▶ DATA EXCERPT
>>>>>

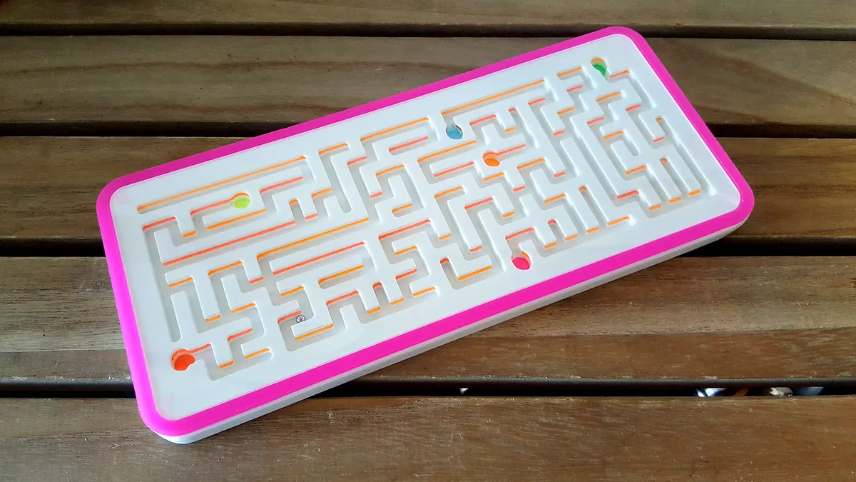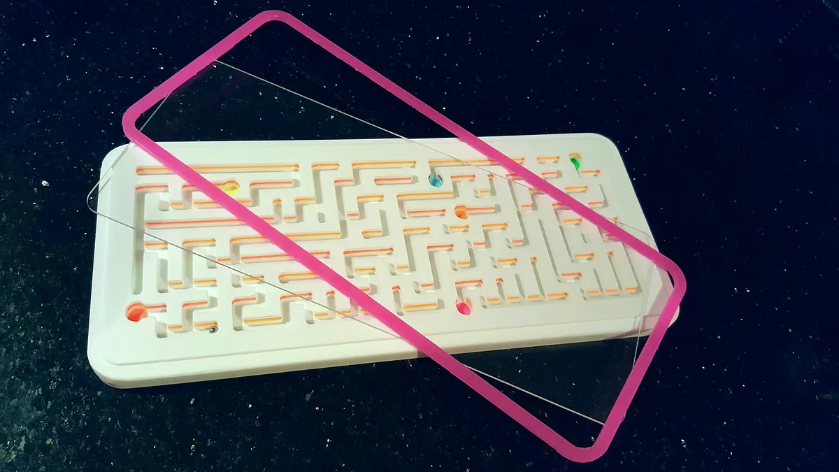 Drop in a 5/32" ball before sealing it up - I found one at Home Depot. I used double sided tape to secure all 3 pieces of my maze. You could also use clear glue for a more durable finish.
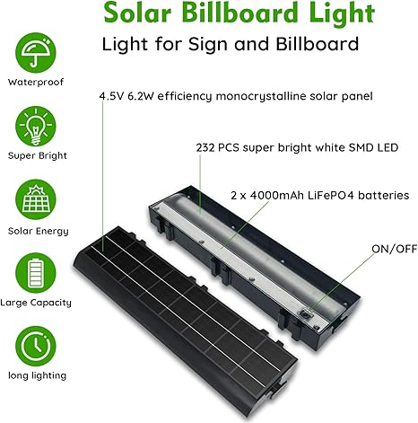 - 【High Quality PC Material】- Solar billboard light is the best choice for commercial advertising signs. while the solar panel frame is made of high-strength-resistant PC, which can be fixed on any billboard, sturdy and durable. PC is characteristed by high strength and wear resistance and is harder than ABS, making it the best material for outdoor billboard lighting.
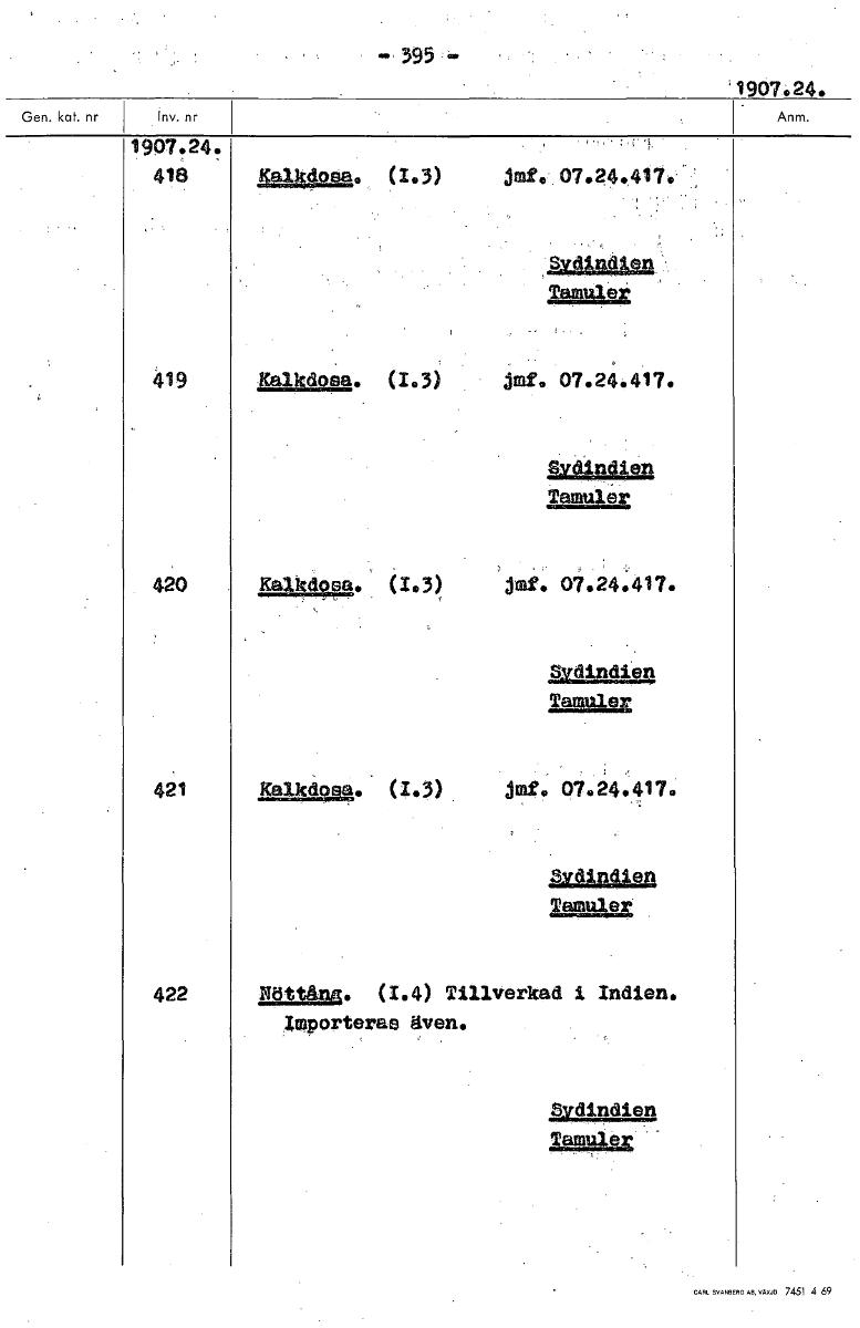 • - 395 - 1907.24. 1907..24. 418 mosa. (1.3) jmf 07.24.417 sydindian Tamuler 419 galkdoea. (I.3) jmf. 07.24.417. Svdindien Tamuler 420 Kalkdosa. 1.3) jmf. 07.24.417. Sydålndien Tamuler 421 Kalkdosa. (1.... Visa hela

<<<<<

▶ TASK DIRECTIONS
The data above needs to be retyped exactly, with the images left out.

▶ TASK RESULT
 Drop in a 5/32" ball before sealing it up - I found one at Home Depot. I used double sided tape to secure all 3 pieces of my maze. You could also use clear glue for a more durable finish.
 - 【High Quality PC Material】- Solar billboard light is the best choice for commercial advertising signs. while the solar panel frame is made of high-strength-resistant PC, which can be fixed on any billboard, sturdy and durable. PC is characteristed by high strength and wear resistance and is harder than ABS, making it the best material for outdoor billboard lighting.
 • - 395 - 1907.24. 1907..24. 418 mosa. (1.3) jmf 07.24.417 sydindian Tamuler 419 galkdoea. (I.3) jmf. 07.24.417. Svdindien Tamuler 420 Kalkdosa. 1.3) jmf. 07.24.417. Sydålndien Tamuler 421 Kalkdosa. (1.... Visa hela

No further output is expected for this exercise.